▶ PROBLEM
Each line of the records must appear in your answer exactly, with no pictures.

━━━ TASK MATERIAL

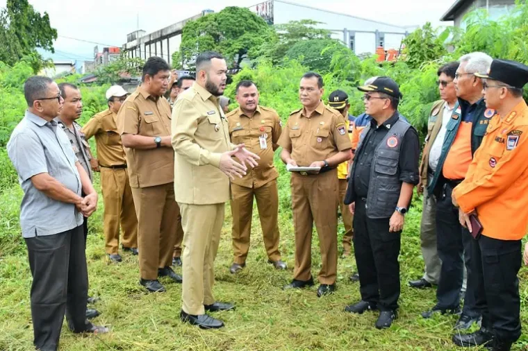 Padang, - Wali Kota Padang, Fadly Amran, mendampingi Sekretaris Utama Badan Nasional Penanggulangan Bencana (Sestama BNPB), Rustian, meninjau dua lokasi lahan aset Pemerintah Kota (Pemko) Padang yang direncanakan untuk pembangunan Hunian Sementara (Huntara) dan Hunian Tetap (Huntap), Senin (15/12/2025).
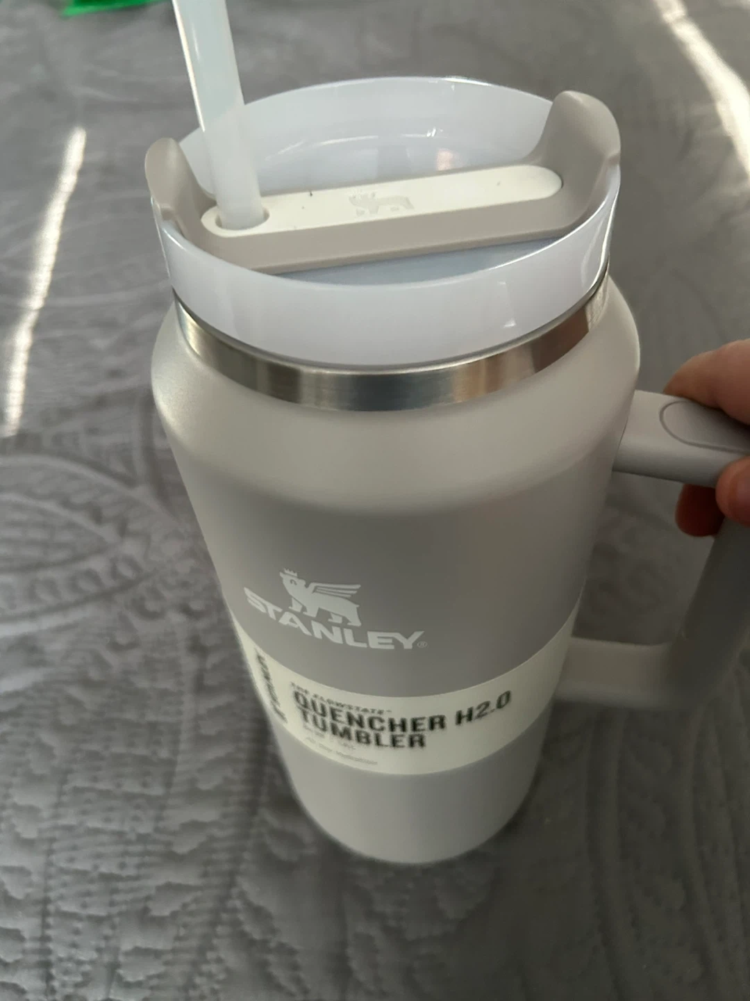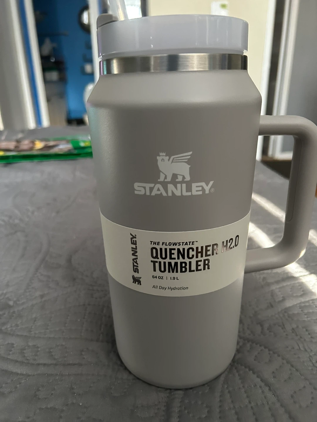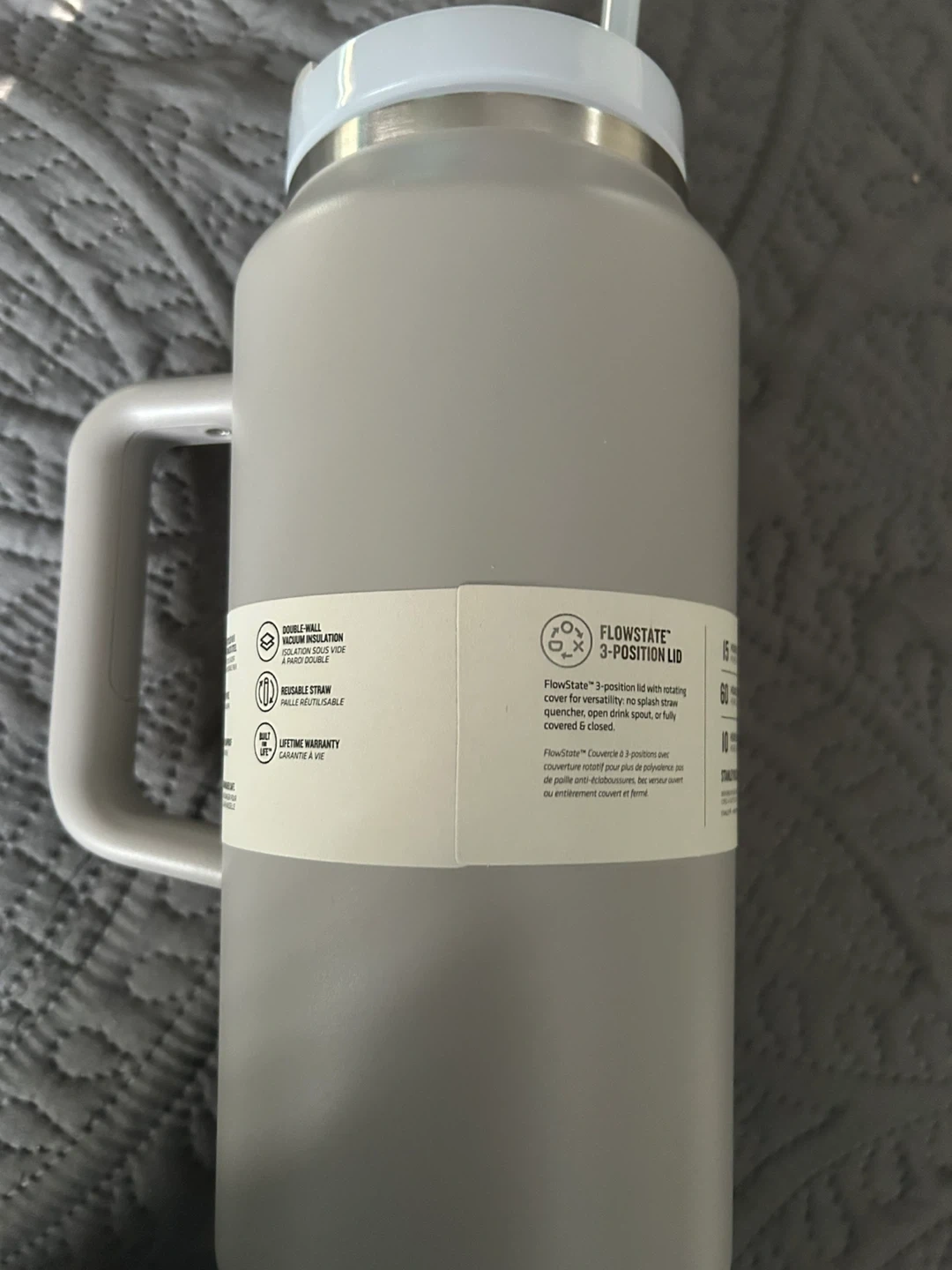 Mint condition, never used—still has original tags, reusable straw, and instructions booklet inside! Matte Ash Grey finish, huge 64 oz capacity (1.9L), FlowState 3-position lid (straw/open/closed—no spills), double-wall vacuum insulation for epic temp retention, comfy handle.
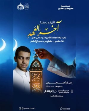 ها هي أيام شهر الرحمة توشك على الرحيل… والقلوب تتعلق بآخر أنفاسه الطاهرة، فلا تفوّت الفرصة 🌙 ✨ إحياء ليلة الجمعة الأخيرة من شهر رمضان ✨ اللهم لا تجعله آخر العهد🤲 📅 ليلة الجمعة 📍 الموافق: 19-30-2026 ⏰ الساعة: 11:15 مساءً 📍 المكان: جامع كرزكان الكبير 🔸 دعوة للحضور والمشاركة …
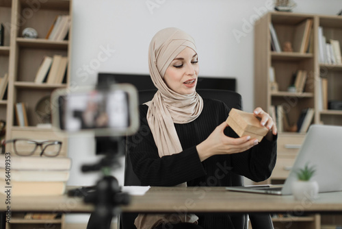 Happy muslim female blogger unpacking gift boxes presents from companies and doing live streaming. Arab woman using smart phone camera for creating content.
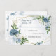 Underbart botaniskt anpassade OSA kort vackra blå skuggor och vita blommor med grönt löv på ett guld-geometriskt ram
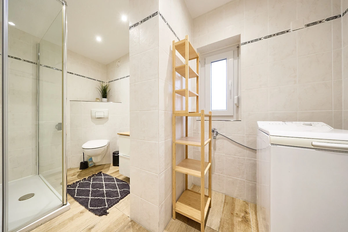 Duschbad mit ebenerdiger Dusche, WC, Waschtisch und Waschmaschine und Tageslichtfenster
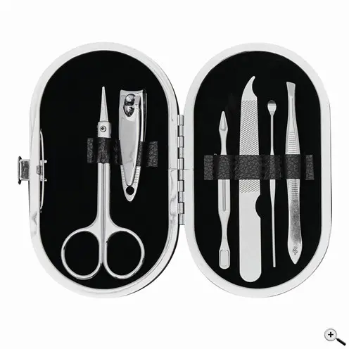 The set includes scissors, tweezers, nippers, a manicure stick, a file, a manicure spatula, in a purse with a button fastener.
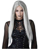 Complete your spellbinding outfit on Halloween with this Gothic Matriach Grey Wig. This long, grey wig has straight bands and a middle part and is the perfect addition to any Witch or Vampire costume. Wear with black or grey lipstick to create a truly gothic look.
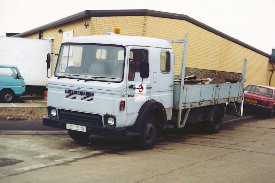 Details: Salter Street (Willesden) again, and another photo taken by Derek on 19th March 1991, this time of former Butterwick (Hammersmith) resident 2317D. Derek gave the location as BEL Willesden, though I suspect that this is actually another one with the neighbouring generator firm. Although the lorry still has a full set of lettering, it is parked on the industrial estate roads (rather than in the BEL premises) and it had not been road-licensed since December 1990. The livery is slightly interesting, the pin-stripes and blue roundels being retained with a newer, white label applied on top. This had a red roundel, London Transport and the phone number 071-227-6497 (a Westminster code?). There may also be a line of text above the phone number but I can't make it out. |
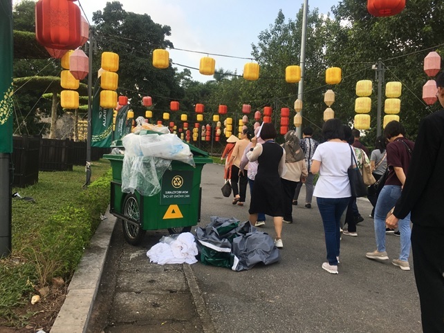 Rác thải từ sự kiện vừa qua vẫn còn nằm ngổn ngang, tạo thành một "bãi rác" ngay lối dẫn vào khu di sản. Không chỉ là các chai nhựa, túi nilon, mà còn có cả thức ăn thừa, giấy ăn vứt bừa bãi khắp lối đi. Mùi hôi bốc lên nồng nặc khiến nhiều du khách, cả trong và ngoài nước, phải bịt mũi khi đi qua.
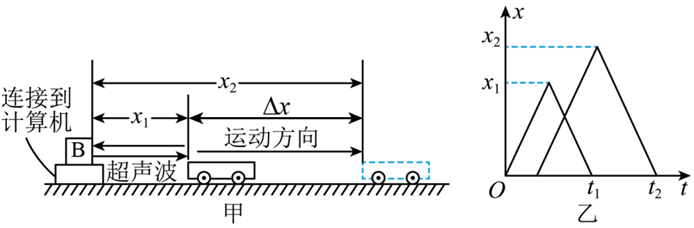 如图甲所示是一种速度传感器的工作原理图,在这个系统中B为一个能发射超声波的固定小盒子,工作时小盒子B向匀速直线运动的被测物体发出短暂的超声波脉冲,超声波速度为v_0,脉冲被运动的物体反射后又被小盒子B接收,从小盒子B发射超声波开始计时,经Δt_0时间再次发射超声波脉冲,图乙是连续两次发射的超声波的位移—时间图像。则下列说法正确的是
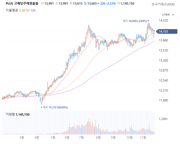 이 ETF는 채권 60%, 고배당주 40%의 비중으로 운용되며, 주식시장과 금리 환경이 모두 불확실한 시기에도 꾸준한 분배금을 지급하는 상품으로 주목받고 있습니다.
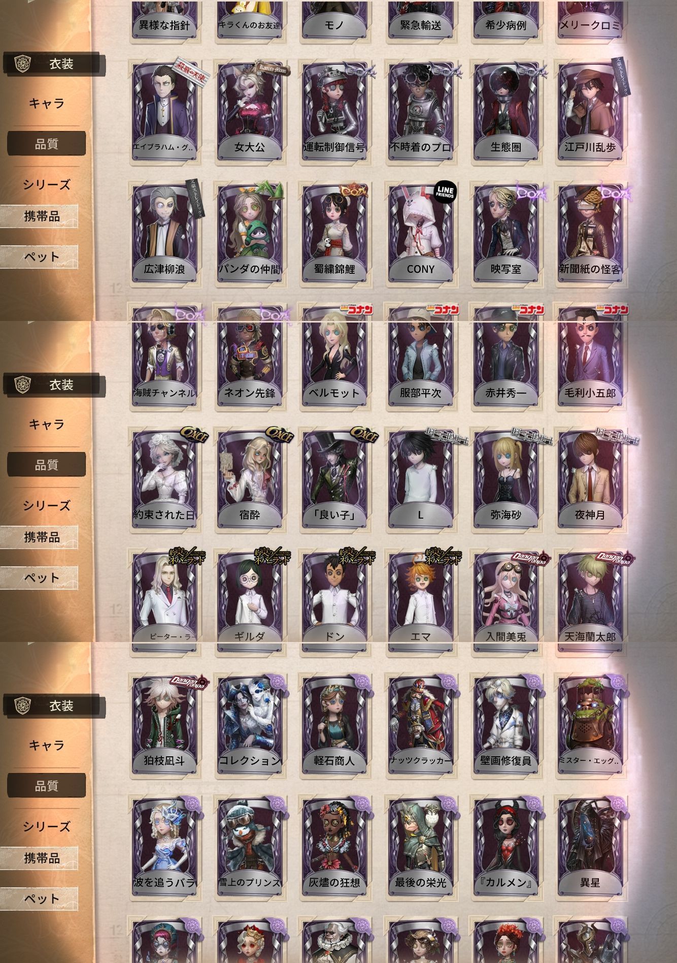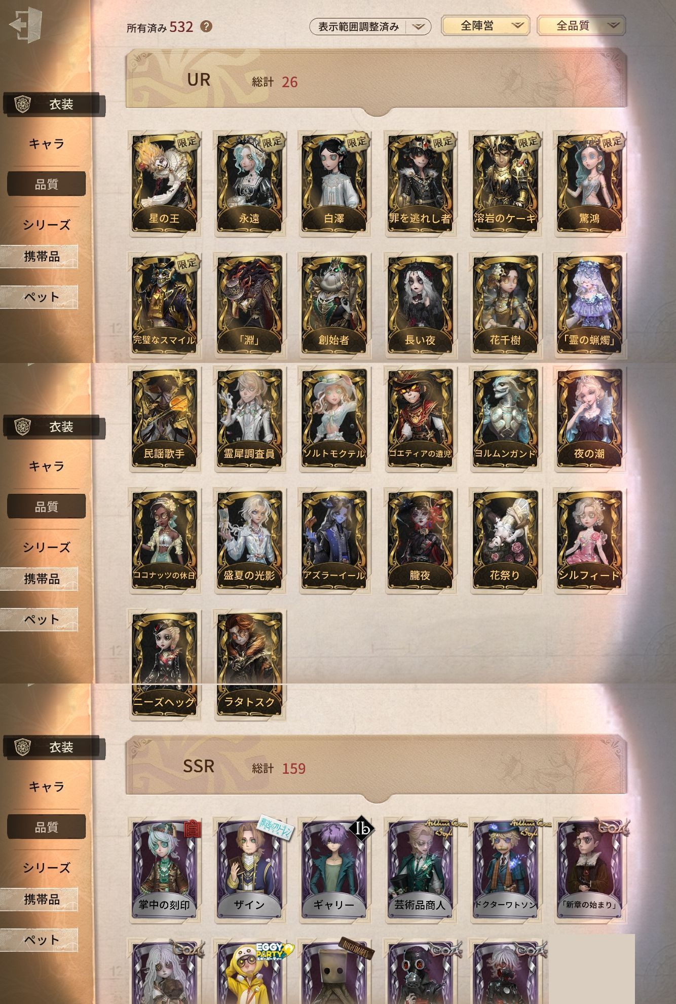 アカウント特定防止といった観点から、主な衣装を抜粋して記載させていただいております。
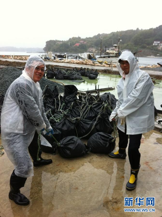 2011年,中国留学生龚雷(右)和吕学龙冒雨帮当地民众清理赈灾垃圾。
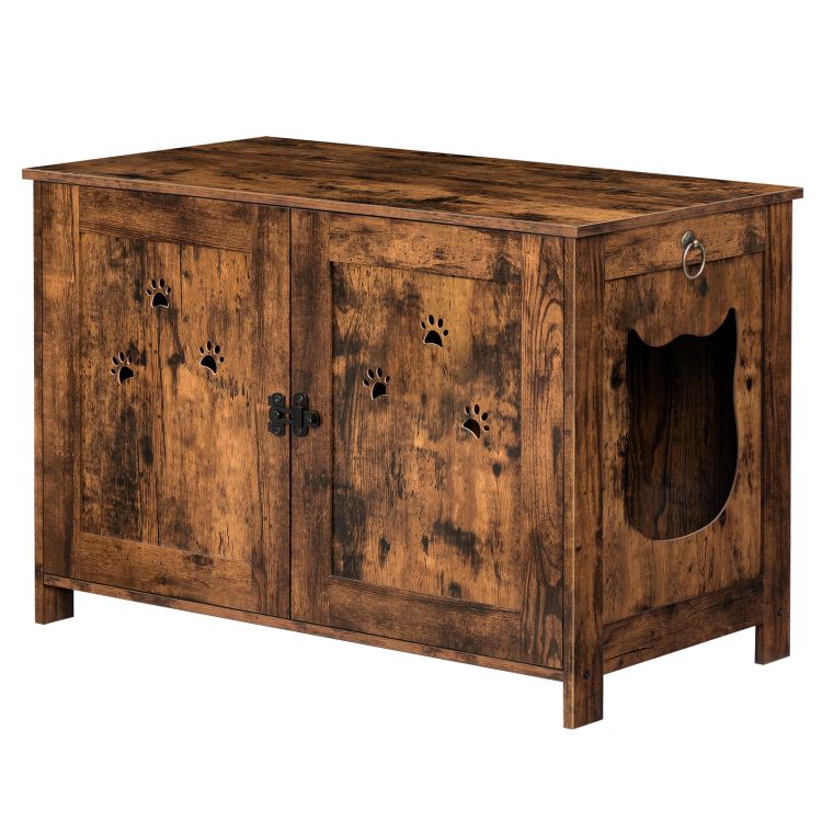 Κρυμμένο περίβλημα κιβωτίων απορριμμάτων γάτας, Ξύλινα έπιπλα ντουλαπιών γάτας, διπλή πόρτα εσωτερικό ψηλό σπιτάκι γάτας με αφαιρούμενο χώρισμα, Εύκολη συναρμολόγηση, για σαλόνι, υπνοδωμάτιο, ρουστίκ καφέ cwhr6801
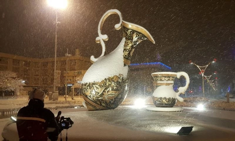 Kar kentte sabahın aydınlanmasına yakın saatlerde adeta kartpostallık görüntüler oluşturdu. Erzincan’ın simgelerinden Dörtyol mevkiinde bulunan bakır sürahiyi kar yağışıyla birlikte çekebilmek için fotoğraf severler adeta akın etti.
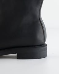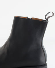 Featuring a full kip lining, and standing on a cork outsole with a custom THE BOOTS FACTORY AR Heel, these are remarkably comfortable to wear even for extended periods of time. To help slide them on, custom woven pull tabs are sewn into the back of the shaft, and when it's time to pull them off, make sure the pull tab of the custom locking zipper is aligned and not at an angle, then pull straight down.

━━━━━━

▶ EXPECTED OUTPUT
 Padang, - Wali Kota Padang, Fadly Amran, mendampingi Sekretaris Utama Badan Nasional Penanggulangan Bencana (Sestama BNPB), Rustian, meninjau dua lokasi lahan aset Pemerintah Kota (Pemko) Padang yang direncanakan untuk pembangunan Hunian Sementara (Huntara) dan Hunian Tetap (Huntap), Senin (15/12/2025).
 Mint condition, never used—still has original tags, reusable straw, and instructions booklet inside! Matte Ash Grey finish, huge 64 oz capacity (1.9L), FlowState 3-position lid (straw/open/closed—no spills), double-wall vacuum insulation for epic temp retention, comfy handle.
 ها هي أيام شهر الرحمة توشك على الرحيل… والقلوب تتعلق بآخر أنفاسه الطاهرة، فلا تفوّت الفرصة 🌙 ✨ إحياء ليلة الجمعة الأخيرة من شهر رمضان ✨ اللهم لا تجعله آخر العهد🤲 📅 ليلة الجمعة 📍 الموافق: 19-30-2026 ⏰ الساعة: 11:15 مساءً 📍 المكان: جامع كرزكان الكبير 🔸 دعوة للحضور والمشاركة …
 Happy muslim female blogger unpacking gift boxes presents from companies and doing live streaming. Arab woman using smart phone camera for creating content.
 Underbart botaniskt anpassade OSA kort vackra blå skuggor och vita blommor med grönt löv på ett guld-geometriskt ram
 Duschbad mit ebenerdiger Dusche, WC, Waschtisch und Waschmaschine und Tageslichtfenster
 The set includes scissors, tweezers, nippers, a manicure stick, a file, a manicure spatula, in a purse with a button fastener.
 Complete your spellbinding outfit on Halloween with this Gothic Matriach Grey Wig. This long, grey wig has straight bands and a middle part and is the perfect addition to any Witch or Vampire costume. Wear with black or grey lipstick to create a truly gothic look.
 Details: Salter Street (Willesden) again, and another photo taken by Derek on 19th March 1991, this time of former Butterwick (Hammersmith) resident 2317D. Derek gave the location as BEL Willesden, though I suspect that this is actually another one with the neighbouring generator firm. Although the lorry still has a full set of lettering, it is parked on the industrial estate roads (rather than in the BEL premises) and it had not been road-licensed since December 1990. The livery is slightly interesting, the pin-stripes and blue roundels being retained with a newer, white label applied on top. This had a red roundel, London Transport and the phone number 071-227-6497 (a Westminster code?). There may also be a line of text above the phone number but I can't make it out. |
 Rác thải từ sự kiện vừa qua vẫn còn nằm ngổn ngang, tạo thành một "bãi rác" ngay lối dẫn vào khu di sản. Không chỉ là các chai nhựa, túi nilon, mà còn có cả thức ăn thừa, giấy ăn vứt bừa bãi khắp lối đi. Mùi hôi bốc lên nồng nặc khiến nhiều du khách, cả trong và ngoài nước, phải bịt mũi khi đi qua.
 如图甲所示是一种速度传感器的工作原理图,在这个系统中B为一个能发射超声波的固定小盒子,工作时小盒子B向匀速直线运动的被测物体发出短暂的超声波脉冲,超声波速度为v_0,脉冲被运动的物体反射后又被小盒子B接收,从小盒子B发射超声波开始计时,经Δt_0时间再次发射超声波脉冲,图乙是连续两次发射的超声波的位移—时间图像。则下列说法正确的是
 이 ETF는 채권 60%, 고배당주 40%의 비중으로 운용되며, 주식시장과 금리 환경이 모두 불확실한 시기에도 꾸준한 분배금을 지급하는 상품으로 주목받고 있습니다.
 アカウント特定防止といった観点から、主な衣装を抜粋して記載させていただいております。
 2011年,中国留学生龚雷(右)和吕学龙冒雨帮当地民众清理赈灾垃圾。
 Κρυμμένο περίβλημα κιβωτίων απορριμμάτων γάτας, Ξύλινα έπιπλα ντουλαπιών γάτας, διπλή πόρτα εσωτερικό ψηλό σπιτάκι γάτας με αφαιρούμενο χώρισμα, Εύκολη συναρμολόγηση, για σαλόνι, υπνοδωμάτιο, ρουστίκ καφέ cwhr6801
 Kar kentte sabahın aydınlanmasına yakın saatlerde adeta kartpostallık görüntüler oluşturdu. Erzincan’ın simgelerinden Dörtyol mevkiinde bulunan bakır sürahiyi kar yağışıyla birlikte çekebilmek için fotoğraf severler adeta akın etti.
 Featuring a full kip lining, and standing on a cork outsole with a custom THE BOOTS FACTORY AR Heel, these are remarkably comfortable to wear even for extended periods of time. To help slide them on, custom woven pull tabs are sewn into the back of the shaft, and when it's time to pull them off, make sure the pull tab of the custom locking zipper is aligned and not at an angle, then pull straight down.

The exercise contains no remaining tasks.